Jeff Green | Apr 30, 2009
Back to HomeFeature Article - April 30, 2009 Farm Extrication training for volunteer fire fightersby Julie Druker
Volunteers from South Frontenac Fire and Rescue respond to an accident scenario during their Farm Extrication Training session
Volunteer fire fighters of South Frontenac Fire and Rescue gathered this past Saturday at Deputy Chief Tom Veldman’s farm north of Sydenham for some serious training that focused on typical accidents that occur in rural areas, and, more specifically, on farms.
It was the second time the all-day program was run for volunteer fire fighters and it was an important chance for them to gain hands-on experience in situations that typically occur on farms.
Veldman, who no longer farms his property but who possesses various types of typical farm machinery and implements, has regularly hosted the one-day training program called Farm Extrication Training.
The training engages volunteers in various types of scenarios where accidents involving people in a farm setting occur.
Five different scenarios were set up in a large field on Veldman’s farm involving tractors, trailers, harvesting machines, and fallen trees. The scenarios were spread out over a large field so that the response teams had no idea what each scenario involved.
The volunteers were divided into two groups and each had a chance to respond to the five different scenarios.
Veldman, along with Captain Farley Stevens, set up and ran the scenarios as close to real life as possible using life-size dummies as their accident victims. Veldman admitted that some of the scenarios were based on actual calls that he had responded to in the past.

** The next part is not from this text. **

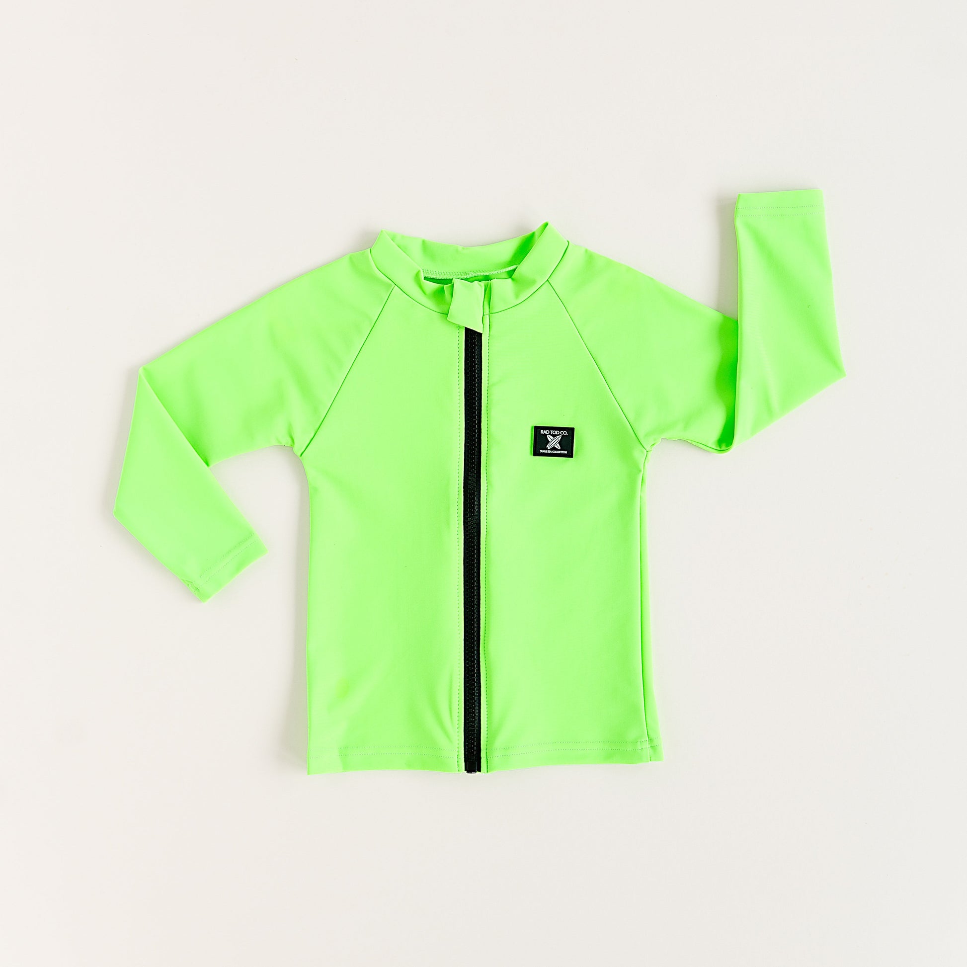 A parent’s favorite, Rad Toddlers ultra-bright neon green rashguard shirt with a convenient front zipper for easy on/off, even when wet. Features 50+ UPF sun protection in soft, stretchy fabric that moves with your active toddler. The high-visibility neon color helps you spot your child instantly at busy beaches and pools.

One scenario involved a person trapped under a metal dump trailer. Another involved a fatality caused by a fallen tree. A third involved a person trapped in a corn harvester.
Volunteers wearing full fire gear were directed to the scenario location and had to quickly assess the situation, utilize whatever tools they had on hand and respond as effectively as they could. During the response, Capt. Stevens and Deputy Chief Veldman would occasionally stop the action to point out a more effective way to proceed.
Farley and Veldman would often alter the scenario slightly, adding to it other elements that the response team had to immediately adapt to. They would sometimes play the role of a distraught family member arriving on the scene or a paramedic asking about the medical condition of the victim involved.
Once the response team had completed their task, the group would meet for a general critique and discuss what was successful and how things might have been done differently. At the end of the day the two groups planned to meet together to discuss in depth the five different scenarios, compare notes and gain further insight.
Prior to the practical training, the entire group met in the morning to discuss typical farm settings and characteristics such as stored chemicals and open manure pits. They also covered other scenarios such as entrapment in confined spaces, high angle rescue techniques and patient care.
Deputy Chief Veldman explained, “We try to provide the training once every two years, especially because new recruits are joining all the time and they can often be unfamiliar with farm equipment.”
He summed up the importance of this kind of training. “Because South Frontenac is largely rural and farmers are pretty active in the area, we try to cover as many of the typical scenarios as we can.”